--- Given material Enclosed Below ---

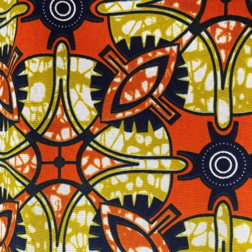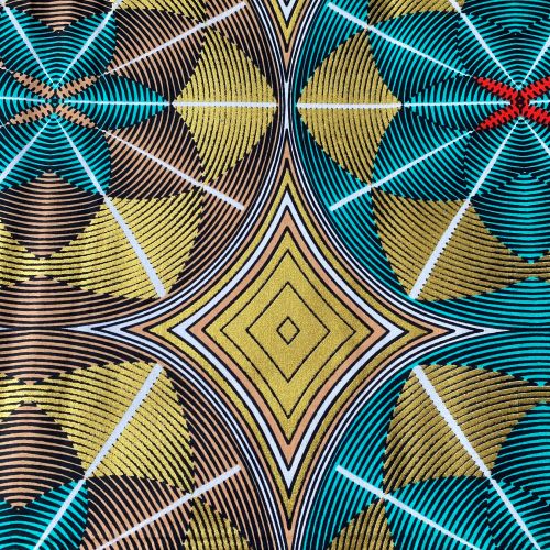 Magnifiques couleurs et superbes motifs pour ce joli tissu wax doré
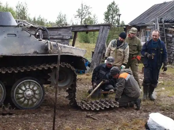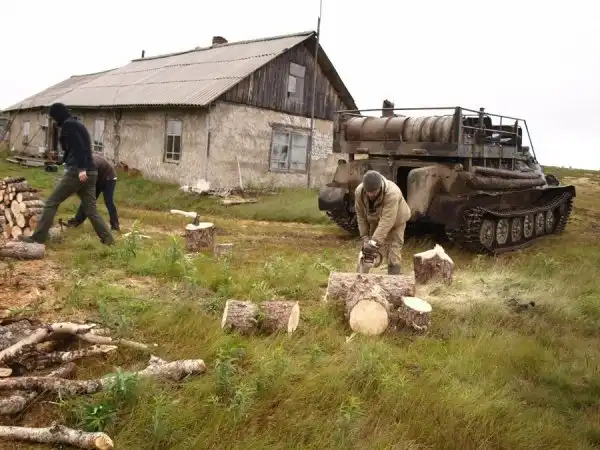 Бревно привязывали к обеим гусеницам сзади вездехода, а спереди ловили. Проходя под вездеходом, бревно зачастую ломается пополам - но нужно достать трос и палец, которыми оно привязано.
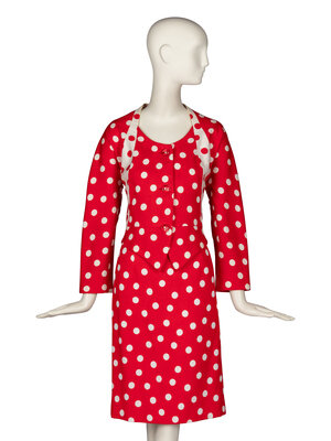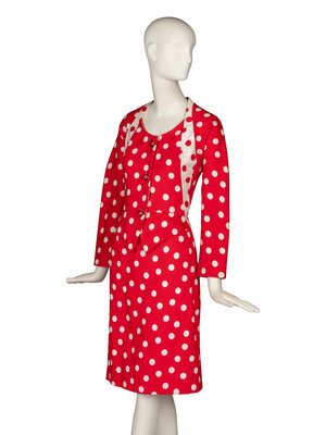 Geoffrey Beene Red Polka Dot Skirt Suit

--- End of Enclosed Given material ---

The answer must be the full listing, word for word, with no images in it.

 Magnifiques couleurs et superbes motifs pour ce joli tissu wax doré
 Бревно привязывали к обеим гусеницам сзади вездехода, а спереди ловили. Проходя под вездеходом, бревно зачастую ломается пополам - но нужно достать трос и палец, которыми оно привязано.
 Geoffrey Beene Red Polka Dot Skirt Suit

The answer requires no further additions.